Buvana_R · ‎01-07-2021

Hello,

I used converter.py under the /opt/intel/openvino/deployment_tools/tools/model_downloader directory:

python3 converter.py -d . -o /opt/converted_models/ssd300_caffe2_to_IR --name ssd300

The error comes for both FP16 and FP32.

Thanks,

Buvana

Buvana_R · ‎01-07-2021

And the converter.py results in the following syntax for model optimizer invocation for FP16 (and similarly for FP32):

/usr/bin/python3 -- /opt/intel/openvino_2020.3.341/deployment_tools/model_optimizer/mo.py --framework=caffe --data_type=FP16 --output_dir=/opt/converted_models/ssd300_caffe2_to_IR/public/ssd300/FP16 --model_name=ssd300 '--input_shape=[1,3,300,300]' --input=data '--mean_values=data[104.0,117.0,123.0]' --output=detection_out --input_model=public/ssd300/models/VGGNet/VOC0712Plus/SSD_300x300_ft/VGG_VOC0712Plus_SSD_300x300_ft_iter_160000.caffemodel --input_proto=public/ssd300/models/VGGNet/VOC0712Plus/SSD_300x300_ft/deploy.prototxt

Munesh_Intel · ‎01-19-2021

Hi Buvana,

Apologies for the delay and thank you for waiting.

The following are the answers for your respective questions:

(1) I64 is not supported by the mbox_conf_flatten/Cast_17952_const layer but might or might not be supported by other layers.

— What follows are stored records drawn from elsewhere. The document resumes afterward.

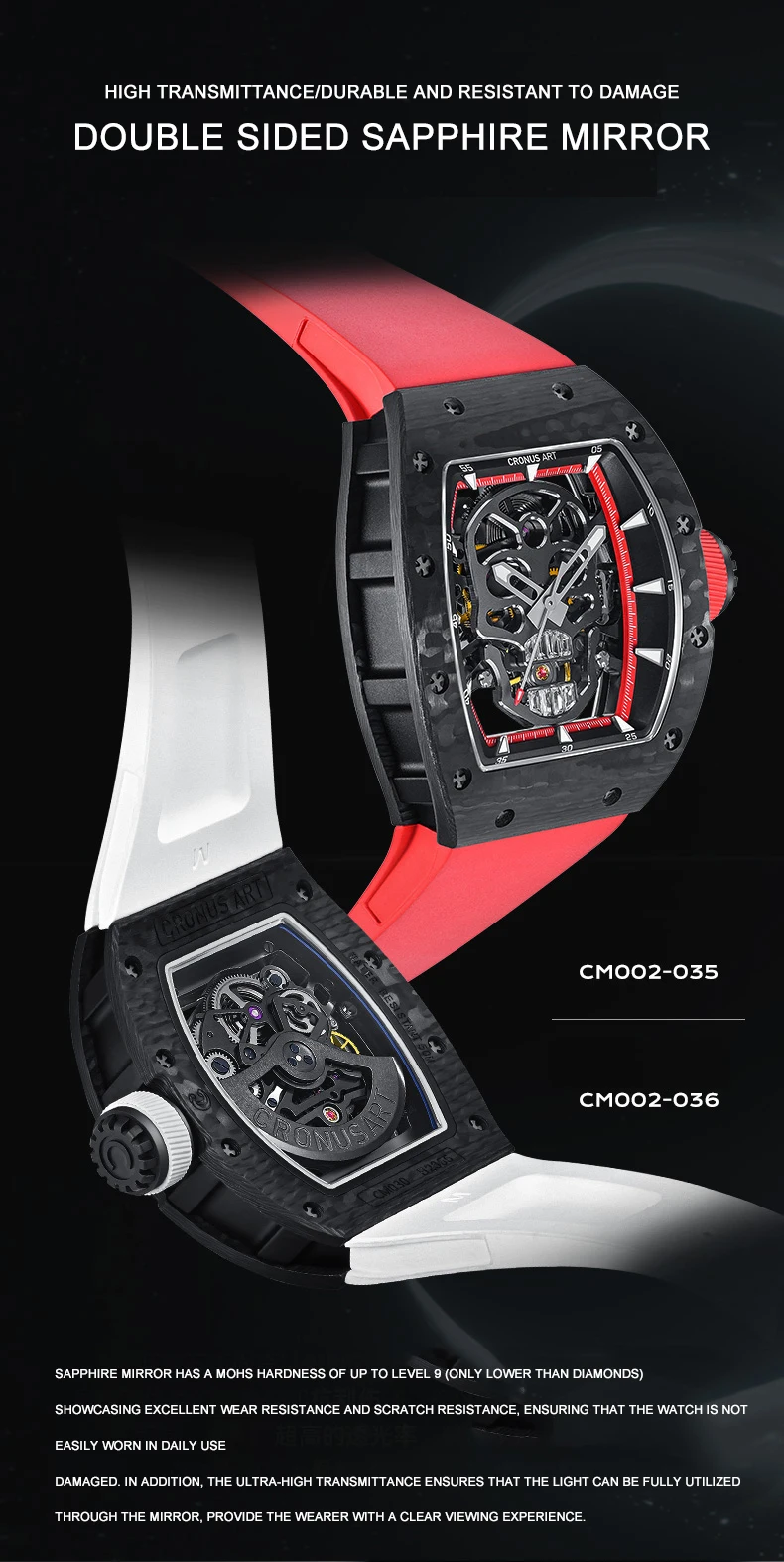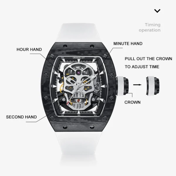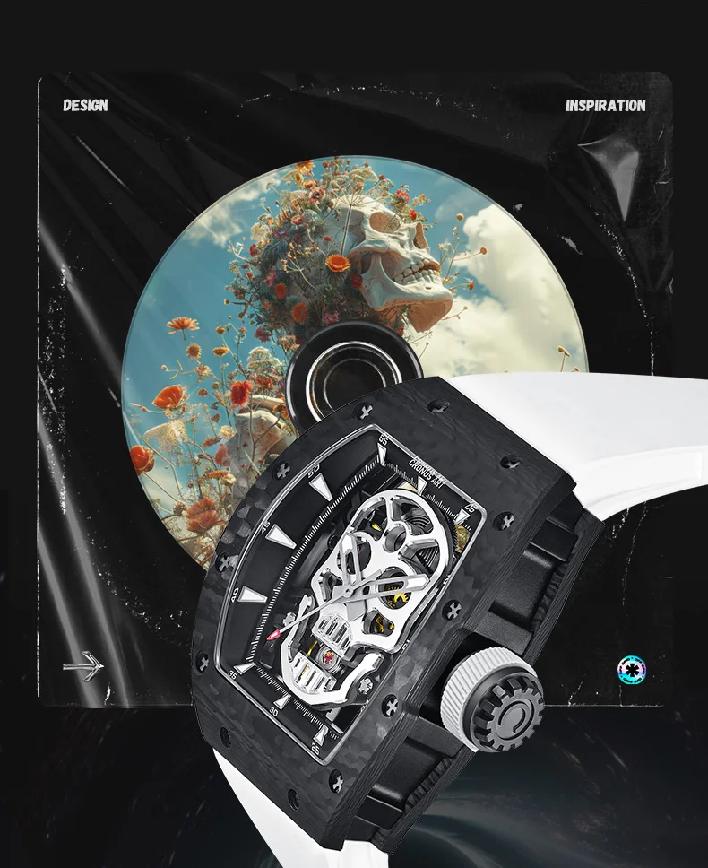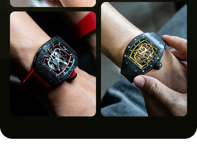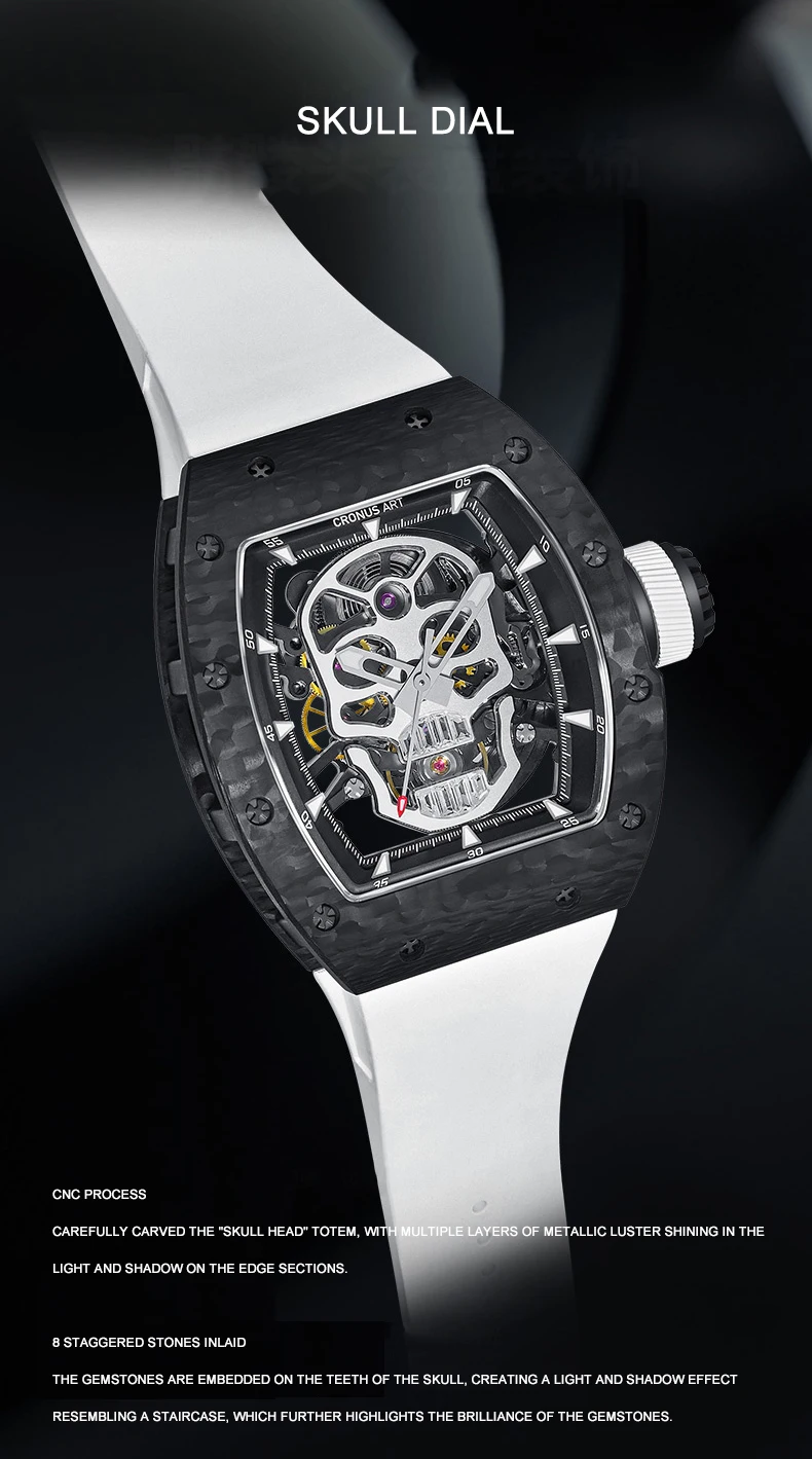 CRONUSART Men Automatic Watch 50mm*42mm Tonneau Mechanical Wristwatch Carbon Fibre Case Luminous Fluororubber Strap Luxury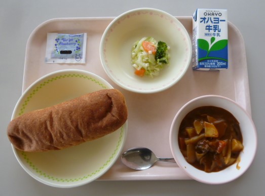 胚芽パン 牛乳 ボルシチ チーズサラダ ブルーベリージャム 832キロカロリー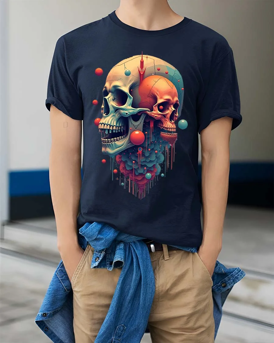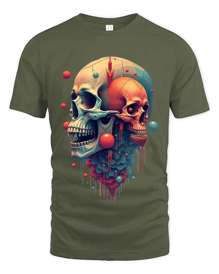 Surreal Dual Skull Abstract Art Graphic T Shirt delivers a bold and thought provoking design that blends dark aesthetics with vibrant artistic detail.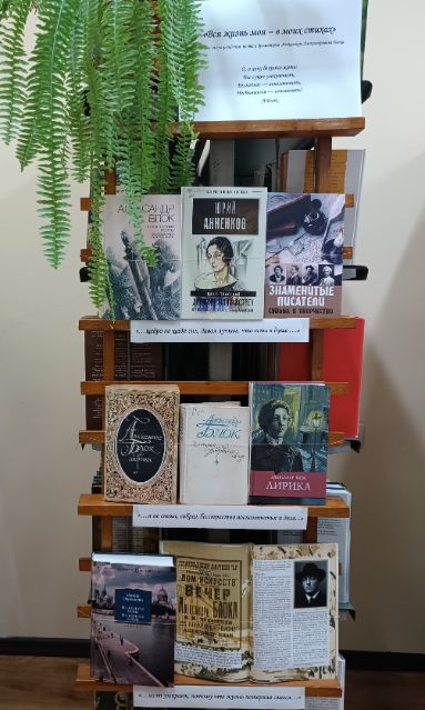 В библиотеке-филиале № 9 (пгт. Кореиз) к 145-летию со дня рождения Александра Блока, великого поэта, публициста, драматурга, переводчика, классика русской литературы XX столетия, оформлена книжная выставка "Вся жизнь моя - в моих стихах". На выставке представлены произведения автора, изданные в разные годы: сборники стихов, поэмы, а также воспоминания современников о поэте.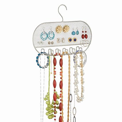 Marcus mayfield hanging jewelry organizer closet storage with satin hanger 2 sided for jewelry hair accessories makeup 1 black dress pink satin hanger 24 pockets 17 hooks 43 out of 5 stars 574. 9 pack adhesive jewelry earring necklace.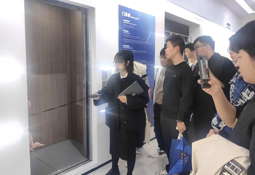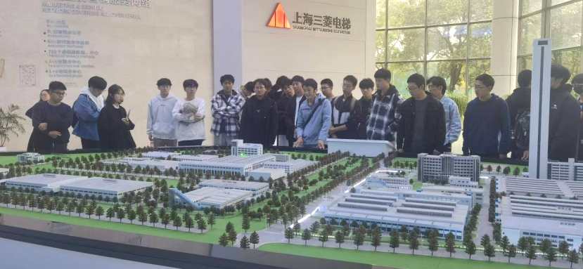 同学们参观了产品展示厅、培训中心,走进钣金车间、金工车间、曳引车间等场所,真实感受真实工作氛围,对三菱电梯的规模和产品技术有了更为直观、深入的认识。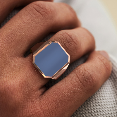 The solid Lars 5 signet ring with octagon blue sardonyx stone top, as shown above, is filled with tradition. Customary, the signet ring was passed down from father to son. Start your own tradition with this solid rose gold signet ring. We are also more than happy to engrave your ring with a monogram or family crest. Please check our database for further inquiries and options. You can find the departments of our education centre at the bottom of this page. Start a new tradition with the chic rose gold Lars 5 signet ring. The luxury Lars 5 signet ring, as shown here, can be customized to your liking. Our online tool offers many different options but please feel free to contact us if you want changes made to your Lars 5 signet ring, which are unavailable in our online tool.New jewellery designs are added to our online collection daily. Our team of passionate designers strive to create extraordinary and diverse designs. Have you seen a ring you like? Please feel free to contact us. Based on a good price/ quality ratio, we will make you an offer you can't refuse!Because we design and deliver our own rings, we can offer you a ring at a price you won't find anywhere else. A ring is made to order, which helps prevent excess supplies, so we can make you a great price offer. We understand it feels risky, buying your ring online, but we will gladly assist in the designing process, taking your budget into consideration.To make it easier for you, we offer a 30 day return policy. Check our terms and conditions.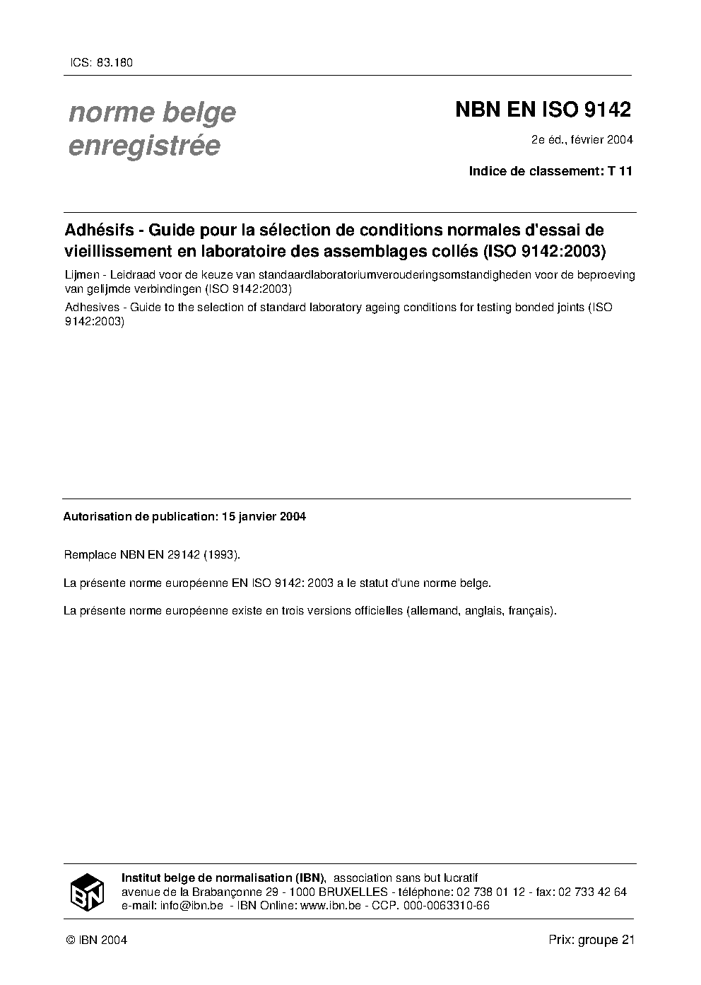 NBN EN ISO 9142:2004
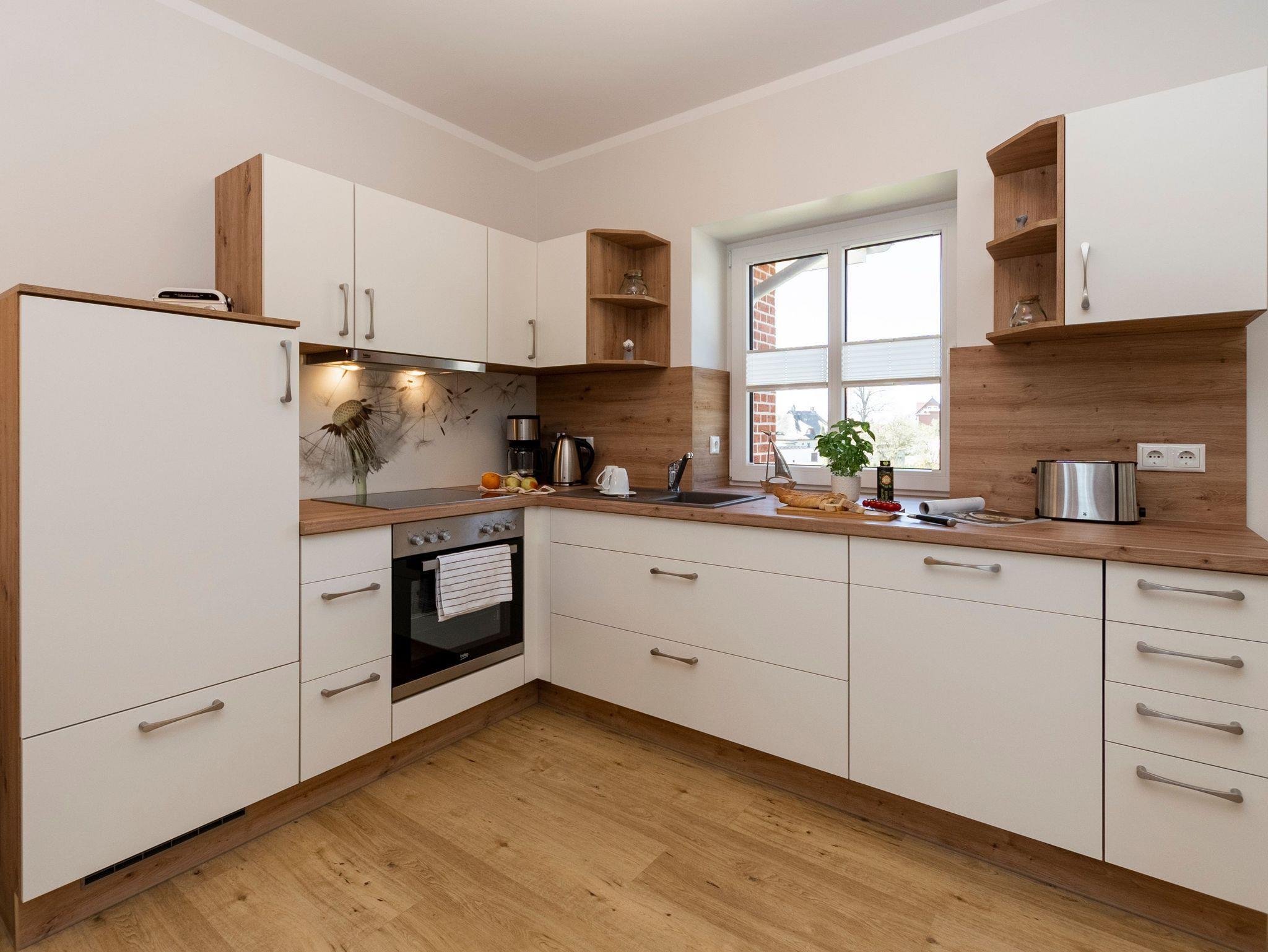 Der offen gestaltete Wohn-Kochbereich lädt zum gemütlichen Beisammensein und zu gemeinsamen Spieleabenden ein. Die Küche ist voll ausgestattet mit sämtlichen Küchengeräten, wie Geschirrspüler, Kühlschrank mit Gefriermöglichkeit, einem Herd und Ofen, einer Spüle, einem Wasserkocher und Toaster.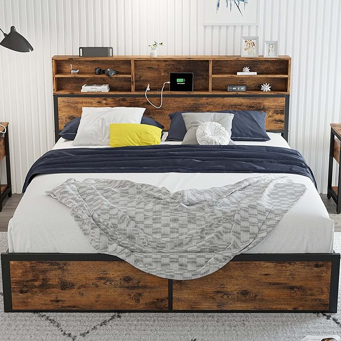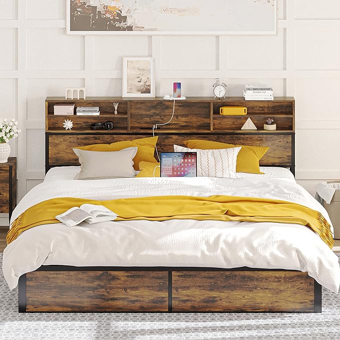 Queen Bed Frame with Tall Bookcase Headboard and Charging Station, Sturdy and No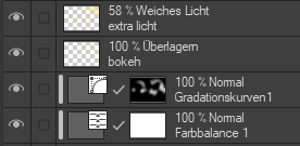 Finale Farbanpassungen kann man vornehmen, indem man Korrekturebenen benutzt. Diese werden auf alle Ebenen, die darunter liegen, angewandt. Ich benutze oft zum Schluss Farbbalance und Gradationskurven, um die Farben im ganzen Bild, oder in Teilen davon stimmiger zu machen.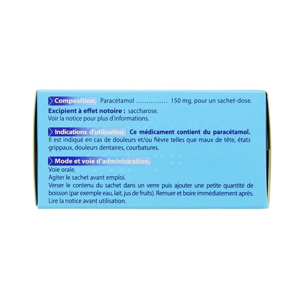 | Paracétamol | 150 mg | 150 mg | 200 mg |

(2) We recommend using FPGA device with HETERO plugin in combination with another inference device for unsupported layers by FPGA, as stated in the following example:

https://docs.openvinotoolkit.org/2020.3/_docs_install_guides_VisionAcceleratorFPGA_Configure.html#4_run_the_image_classification_sample_application

It is worth mentioning here that Intel will be transitioning to the next-generation programmable deep-learning solution based on FPGAs in order to increase the level of customization possible in FPGA deep-learning. As part of this transition, future standard releases (i.e., non-LTS releases) of Intel® Distribution of OpenVINO™ toolkit will no longer include the Intel® Vision Accelerator Design with an Intel® Arria® 10 FPGA and the Intel® Programmable Acceleration Card with Intel® Arria® 10 GX FPGA.

The product change notice is available here :

https://docs.openvinotoolkit.org/latest/openvino_docs_IE_DG_supported_plugins_FPGA.html#product_change_notice

(3) We don’t have any particular size limit, but we would suggest you use the techniques provided in the following links to optimize your model.

https://docs.openvinotoolkit.org/2021.2/openvino_docs_optimization_guide_dldt_optimization_guide.html#fpga

https://docs.openvinotoolkit.org/2021.2/openvino_docs_optimization_guide_dldt_optimization_guide.html#heterogeneous-scenarios-fpga

Regards,

Munesh

Munesh_Intel · ‎01-28-2021

Hi Buvana,

This thread will no longer be monitored since we have provided references and recommendations. If you need any additional information from Intel, please submit a new question.

Regards,

Munesh